Phase 4 exit criteria:
- ☐ No open P1 or P2 issues
- ☐ Adoption rate meets SC-01 target
- ☐ Customer confirms transition to standard support
Section 4: Risk Register
| ID | Risk | Probability | Impact | Mitigation | Owner | Status |
|---|---|---|---|---|---|---|
| R-01 | Customer IT resource unavailable for integration testing | Medium | High | Confirm dedicated resource at kickoff. Escalate to exec sponsor if delayed. | PM | Open |
| R-02 | Data migration quality issues | Medium | High | Run test migration in Phase 2 before production import. | SE | Open |
| R-03 | User resistance to new tool | Low | Medium | Include change management in training. Identify internal champions. | CS | Open |
| R-04 | Integration API changes during implementation | Low | High | Lock API versions. Document fallback procedures. | SE | Open |
| R-05 | Timeline slippage due to scope additions | Medium | Medium | Document scope in SOW. Use change request process for additions. | PM | Open |
| R-06 |
Escalation path: [PM to CS Director to VP Sales for customer-side delays; PM to Engineering Manager to VP Engineering for technical blockers]
Section 5: RACI Matrix
| Activity | PM | CS | SE | Eng | Customer PM | Customer IT | Customer Exec |
|---|---|---|---|---|---|---|---|
| Implementation plan creation | A/R | C | C | I | C | I | I |
| Environment provisioning | I | I | R | A | I | C | I |
| SSO configuration | I | I | A/R | C | I | R | I |
| Data migration | C | I | A/R | C | R | C | I |
| Integration setup | C | I | A/R | C | I | R | I |
| Training delivery | I | A/R | C | I | C | I | I |
| UAT coordination | A | C | R | C | R | C | I |
| Go-live approval | A | C | C | C | R | C | A |
| Post-launch support | I | A/R | R | C | I | C | I |
Legend: R = Responsible, A = Accountable, C = Consulted, I = Informed
Section 6: Communication Plan
| Audience | Format | Frequency | Owner | Content |
|---|---|---|---|---|
| Customer project lead | Status call | Weekly (30 min) | PM | Progress, blockers, next steps |
| Customer executive sponsor | Email update | Biweekly | PM | Phase status, risks, decisions needed |
| Internal team | Slack channel | Daily standups | PM | Task progress, blockers |
| Internal leadership | Status report | Weekly | PM | Deal health, timeline, revenue impact |
| Customer end users | Email newsletter | Per phase | CS | Training dates, go-live prep, FAQs |
Escalation triggers (communicate immediately, do not wait for scheduled updates):
- Go-live date at risk of slipping more than 1 week
- P1 issue with no resolution path within 48 hours
- Customer executive sponsor disengaged
- Scope change that affects contract terms
For guidance on structuring executive communication, see the executive product update template.
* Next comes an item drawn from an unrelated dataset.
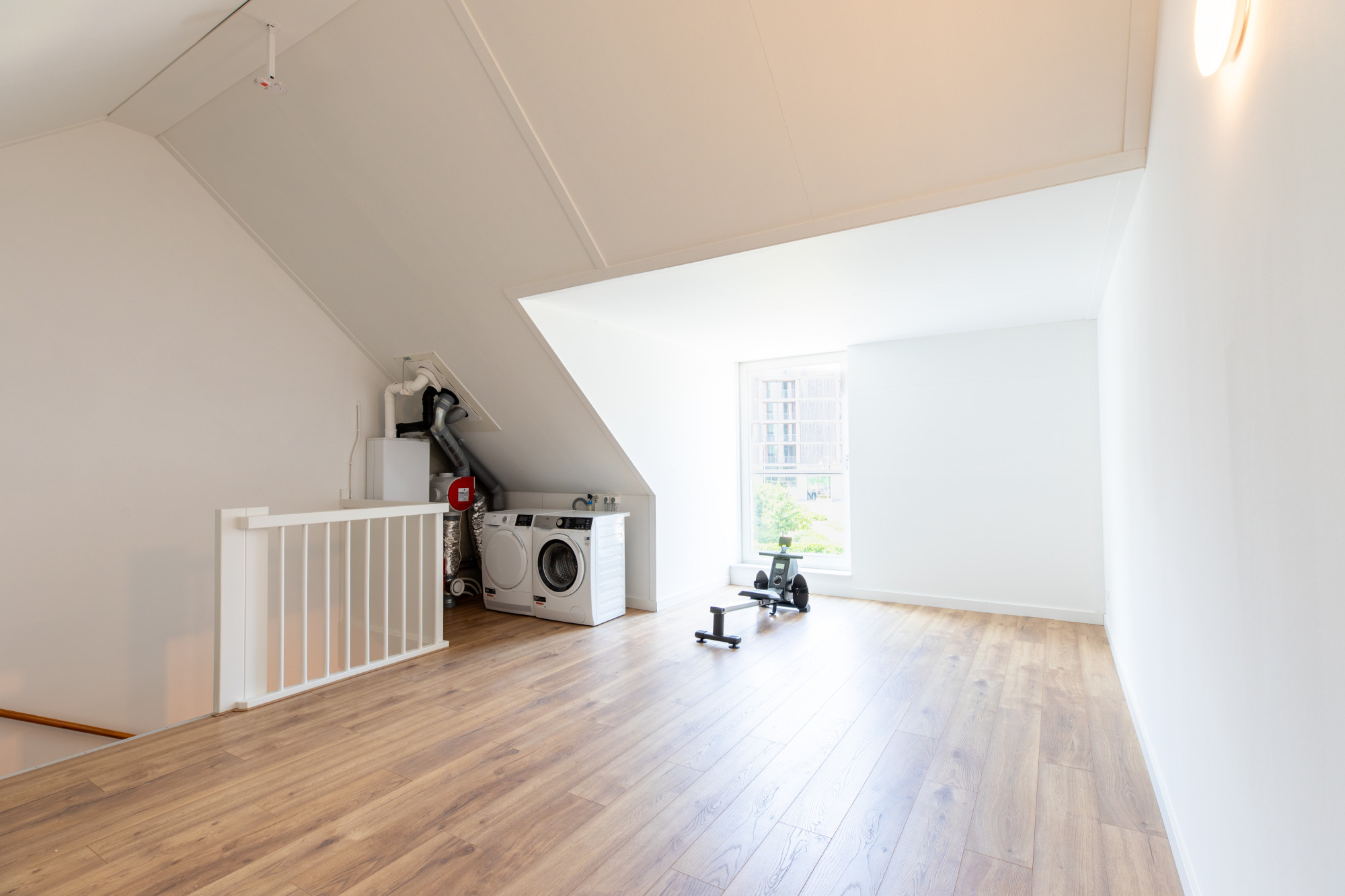 - Grote kamer van ca. 25 m² met een dakkapel aan de voorzijde en voorzien van een mooie laminaatvloer, opstelplaats van de HR Combi installatie, unit mechanische ventilatie en aansluiting voor de wasmachine.

Section 7: Change Request Process
Scope changes during implementation are normal. This process prevents them from derailing the timeline.
| Step | Action | Owner | SLA |
|---|---|---|---|
| 1 | Customer submits change request (email or form) | Customer PM | N/A |
| 2 | PM assesses impact (timeline, cost, resources) | PM + SE | 3 business days |
| 3 | PM presents impact assessment to customer | PM | Within 1 business day of assessment |
| 4 | Customer approves/rejects | Customer Exec | 5 business days |
| 5 | PM updates plan, timeline, and SOW if needed | PM | 2 business days |
Change request log:
| ID | Description | Requestor | Impact | Status | Decision |
|---|---|---|---|---|---|
| CR-001 | [Description] | [Name] | [+X days, $Y cost] | Open / Approved / Rejected | [Date] |
| CR-002 |
Filled-Out Example: SaaS Analytics Platform Deployment
Overview (Example)
| Field | Details |
|---|---|
| Customer | TechCorp Inc. |
| Deal value | $175,000 ARR |
| Start date | March 10, 2026 |
| Target go-live | May 18, 2026 (10 weeks) |
| Implementation type | Migration from Mixpanel |
Key Risks (Example)
| Risk | Mitigation |
|---|---|
| Historical event data (2 years) may exceed import capacity | Run volume test in week 3. If exceeds limits, import last 12 months and archive the rest. |
| Customer analytics team has a conference in week 6 | Front-load training to week 5. Provide recorded sessions for catch-up. |
| Slack integration requires custom webhook | Allocate SE time in week 4. Fallback: use email notifications at launch. |
Tips for Successful Implementations
- Front-load the hard parts. Tackle data migration and integration in weeks 2-4, not weeks 6-8. Late surprises in these areas cause the most timeline damage.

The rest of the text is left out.